American banking and financial services corporation

The Mechanics and Farmers Bank (abbreviated as M&F Bank) is an American bank owned by M&F Bancorp, Inc based in Durham, North Carolina. It served as one of the most influential African-American businesses in North Carolina in the 20th century.

It is the second oldest Black-owned bank in the United States. As of July 2026, when M&F agreed to be acquired by Optus Bank of South Carolina, M&F Bank had two branches in Raleigh and Durham and one each in Charlotte, Winston-Salem and Greensboro.

== History ==
In 1907, Manassa Thomas Pope and M. A. Johnson, African-American academics from Raleigh, North Carolina, traveled to Durham to look into the possibility of establishing an African-American construction and loan association. Local African-Americans liked the idea, but they also desired to establish a bank. Seven African-American businessmen in Durham—William Gaston Pearson, Richard B. Fitzgerald, J. A. Dodson, S. L. Warren, James E. Shepard, John Merrick, and W. O. Stevens— raised $10,000 to start a banking institution.

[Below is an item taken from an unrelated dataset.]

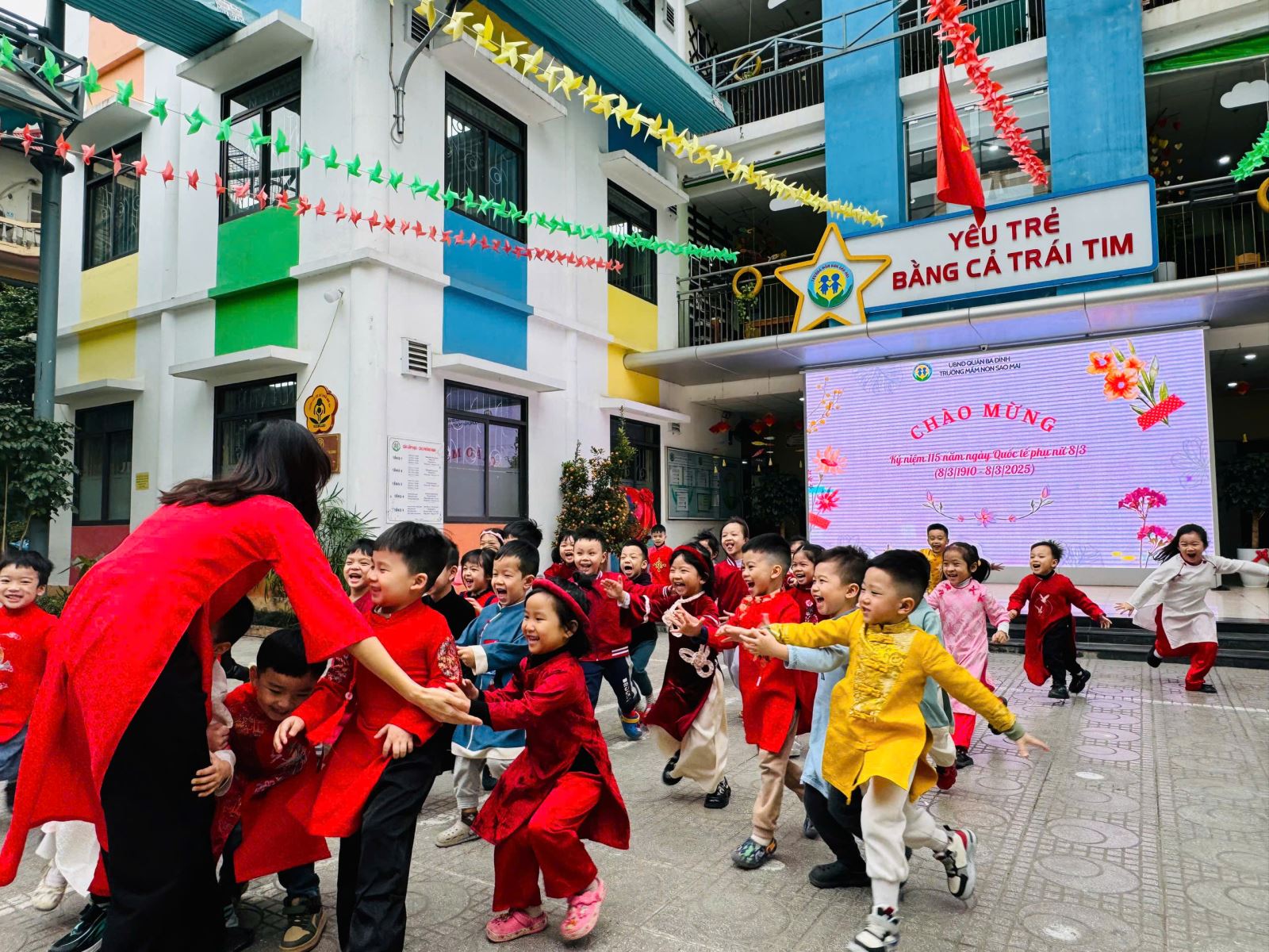 Rạng rỡ nụ cười cô và trò trường mầm non Sao Mai hưởng ứng Tuần lễ áo dài 2025

Joined by R. Hawkins, they secured a charter from the North Carolina General Assembly to incorporate the Mechanics and Farmers Bank on February 25, 1907. The bank's incorporators and stockholders held their first meeting on July 29 and elected Fitzgerald, Merrick and Pearson president, vice-president, and cashier of the bank, respectively. The Mechanics and Farmers Bank began operations on August 1, 1908, serving the public out of the North Carolina Mutual and Provident Association's headquarters in Hayti, the black business district in Durham. White managers from other institutions frequented Mechanics and Farmers Bank during its first week of operations to assist its employees. After North Carolina Mutual opened a new headquarters on West Parrish Street on December 17, 1921, the bank moved its offices to the first floor of that building, sharing the space with the Mutual Building and Loan Association. The bank's stated policy was to provide "no large loans...to a few profiteers, but rather conservative sums to needy farmers and laborers."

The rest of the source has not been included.